Archive for Sunday, August 26, 2001

Trusty running game sparks Badgers

Wisconsin scraps spread offense in second half of 26-17 victory over Virginia

August 26, 2001


— Wisconsin used the spread offense to change things up, their traditional running game to win.

No. 22 Wisconsin finally rallied offensively in the second half Saturday after ditching the spread offense to beat Virginia 26-17 in the Eddie Robinson Classic.

"That's what we do. That's our offense," Alvarez said of the running game.

"And the spread is a compliment to that."

It looked more like a detriment in the first half as the Badgers struggled.

Brooks Bollinger was ineffective in the four-receiver sets Wisconsin (1-0) opened the game with and had already been spelled on two series by Jim Sorgi when he went down in the second quarter while scrambling to his right.

He had a contusion of the liver and was taken to a hospital, where he could stay overnight.

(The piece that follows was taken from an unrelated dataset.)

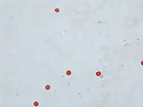 Thin smears are prepared from capillary blood or venous blood collected into anticoagulants such as heparine, oxalate, citrate, or EDTA. Smears are air dried between 10–60 minutes, fixed in 80 vol% ethanol for 5 min at 20-22 °C, rinsed with tap water, and air dried. Films are then immersed in the citrate-phosphate buffer for 5 minutes at 37 °C and gently agitated for about 3 minutes. Slides are rinsed with tap water, dried, and stained with Ehrlich's acid hematoxylin for 3 min, rinsed with water, and dried again. They are counterstained with erythrosine for 3 min. After a final rinse, films are dried and examined under light microscopy.[4]
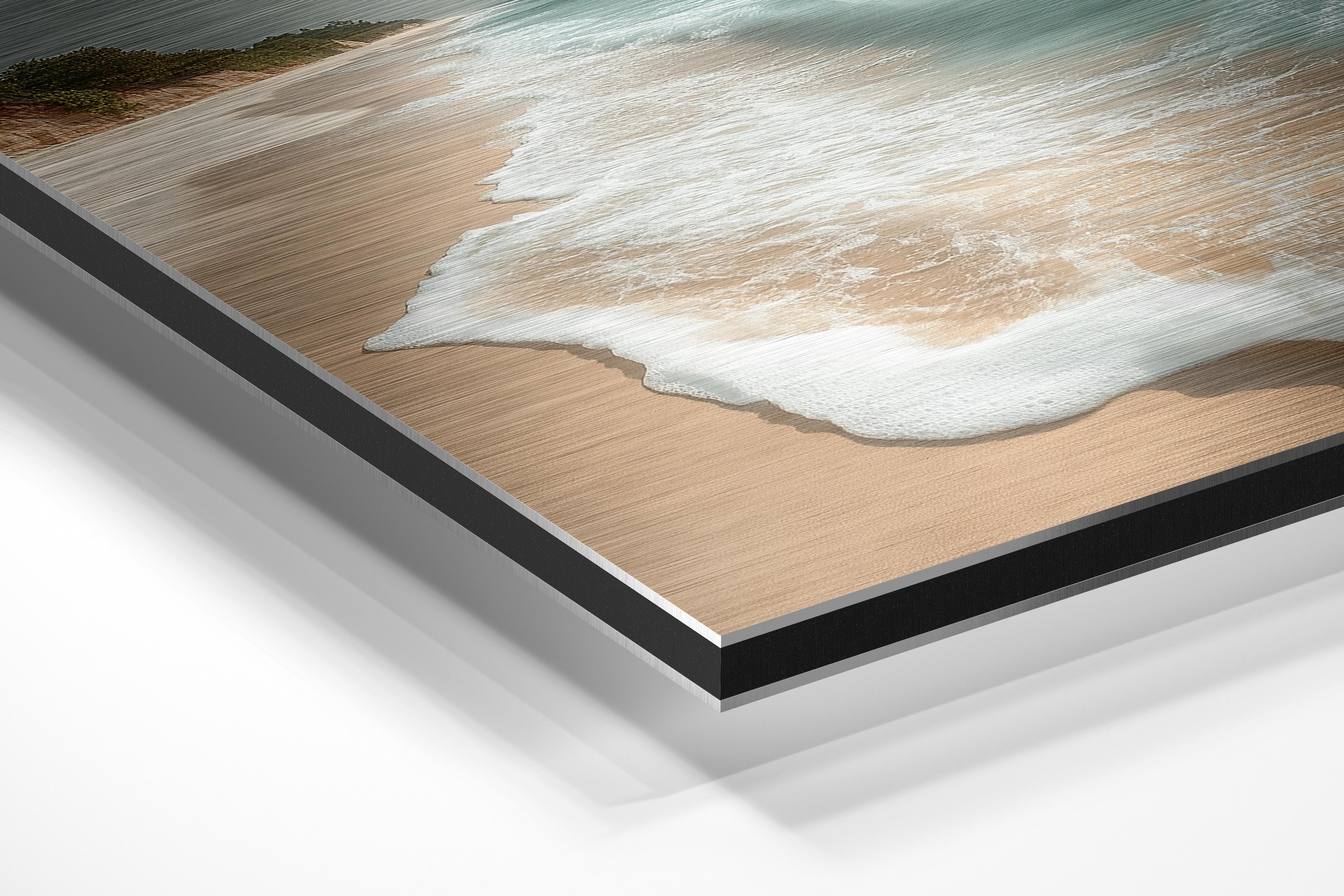 - Brushed Aluminum, on the other hand, features a raw metallic texture with visible brush strokes. Whites and highlights in your image let the silver surface show through, adding a dramatic, shimmering effect. Ideal for black-and-white images, minimalist designs, or abstract art, it creates a bold, industrial vibe with a modern edge.

Sorgi wasn't much better in the spread as the two combined to go 5-of-15 for 41 yards in the first half. But after going back to the two tight end formations that Alvarez has used in his 11 years at Wisconsin to power the Badgers to three Rose Bowl wins, the offense finally got into a rhythm.

"I tried telling everybody this: It's just not lining up four wide receivers and everything opens up," Alvarez said. "You still have to execute, and you have to throw it well enough that people depart from the box."

Sorgi finished 5-of-11 for 150 yards with touchdown passes of 78 and 38 yards. The Badgers also rushed for 228 yards only 82 yards coming in the first half from the spread formation. Anthony Davis led the Badgers with 147 yards on 24 carries in his college debut.

"We forced them to go back to their power game, and they took advantage of it," Virginia cornerback Jamaine Winborne said. "I think we stayed with them until the switch."

The loss spoiled Al Groh's return to college after coaching the New York Jets last season. He started Matt Schaub at quarterback but went to Bryson Spinner after Schaub made several critical mistakes.

Schaub gave the Badgers' sputtering first-half offense several breaks, throwing two interceptions that Wisconsin turned into 10 points in the second quarter.

Both times he threw the ball right into the defenders' waiting hands. On the first, Ben Herbert intercepted the ball at the line of scrimmage and returned it to the 18. Jerone Pettus then ran around the left end for a 16-yard touchdown.

Schaub then threw the ball right to linebacker Nick Greisen, who returned it to the 7 before the Badgers had to settle for Mike Allen's field goal.

"We gave away 10 points on turnovers," Groh said. "Therein lies the story of the game."

The Cavaliers (0-1) also had a 74-yard touchdown on a screen pass called back for clipping and lost running back Antwoine Womack in the first quarter after he sprained his right ankle. Womack, who led the ACC in rushing last year, had seven carries for 18 yards when he left.

Schaub was 3-of-10 for 24 yards and was intercepted twice. Spinner was 10-of-22 for 154 yards and two touchdowns. But Groh said it was too early to tell who will start at quarterback when Virginia plays Richmond on Sept. 1.